一恩敌、什么是批次效應(yīng)
批次效應(yīng)(batch effect)瞬测,表示樣品在不同批次中處理和測量產(chǎn)生的與試驗期間記錄的任何生物變異無關(guān)的技術(shù)差異。批次效應(yīng)是高通量試驗中常見的變異來源纠炮,受日期月趟、環(huán)境、處理組恢口、實驗人員孝宗、試劑、平臺等一些非生物因素的影響耕肩。
合并分析不同批次的數(shù)據(jù)時因妇,平常的標(biāo)準(zhǔn)化方法不足以調(diào)整批次之間的差異。如果批次效應(yīng)比較嚴(yán)重猿诸,這些差異就會干擾實驗結(jié)果婚被,我們就不能夠判斷得到的差異表達(dá)的基因是來源于想要研究的因素,還是和批次相關(guān)梳虽。
批次效應(yīng)不能被消除摔寨,只有盡可能的降低。

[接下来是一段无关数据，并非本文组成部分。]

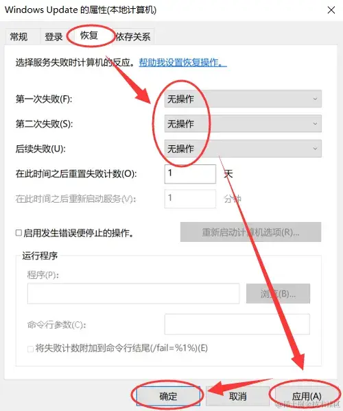 步骤4:再点击 【恢复】 按钮,把下图框选的部分全部改为 【无操作】 。依次点击 【应用】 和 【确定】 按钮即可。
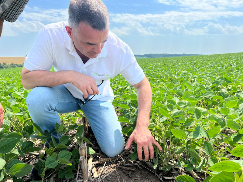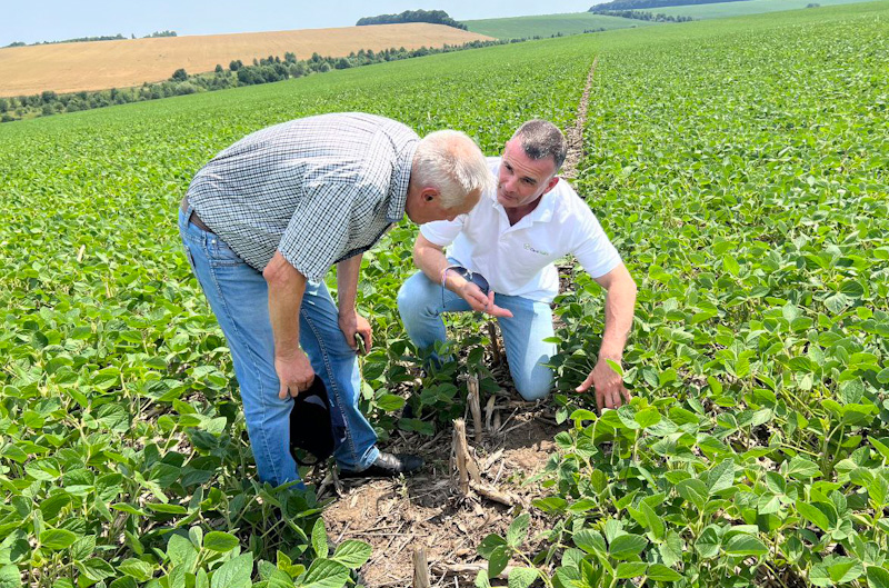 Жерар де ля Саль, регіональний керівник Elicit Plant в Україні, разом з клієнтом з Черкаській області оглядають посіви сої, оброблені препаратом Best-a
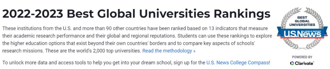 U.S. News世界大学排名Top100院校
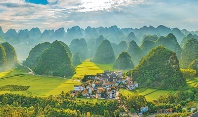 貴州興義世界地質(zhì)公園內(nèi)萬(wàn)峰林景區(qū)錐狀峰林。張 霆攝

校正批次效應(yīng)的目的是怖辆,減少批次之間的差異是复,盡量讓多個批次的數(shù)據(jù)重新組合在一起删顶,這樣下游分析就可以只考慮生物學(xué)差異因素。
Batch effects are sub-groups of measurements that have qualitatively different behaviour across conditions and are unrelated to the biological or scientific variables in a study. For example, batch effects may occur if a subset of experiments was run on Monday and another set on Tuesday, if two technicians were responsible for different subsets of the experiments or if two different lots of reagents, chips or instruments were used.
Normalization is a data analysis technique that adjusts global properties of measurements for individual samples so that they can be more appropriately compared. Including a normalization step is now standard in data analysis of gene expression experiments. But normalization does not remove batch effects, which affect specific subsets of genes and may affect different genes in different ways. [1]
二淑廊、處理方法
目前已經(jīng)有多種處理批次差異的方法逗余。[2]
批次效應(yīng)處理方法
三、哪種方法比較好
一項研究比較了6種去除批次效應(yīng)的方法季惩,其中包括ComBat方法(parametric prior method录粱,ComBat_p和non-parametric method,ComBat_n)画拾、代理變量法(Surrogate variable analysis啥繁,SVA)、基于比值的方法(Geometric ratio-based method青抛,Ratio_G)旗闽、平均中心方法(Mean-centering,PAMR)和距離加權(quán)判別(Distance-weighted discrimination蜜另,DWD)方法适室,綜合多種指標(biāo)認(rèn)為ComBat在精確性、準(zhǔn)確性和整體性能方面(precision, accuracy and overall performance)總體優(yōu)于其他方法举瑰。
A number of approaches have been used or developed for identifying and removing batch effects from microarray data, of which we have chosen six for evaluation.
We systematically evaluated six of these programs using multiple measures of precision, accuracy and overall performance. ComBat, an Empirical Bayes method, outperformed the other five programs by most metrics.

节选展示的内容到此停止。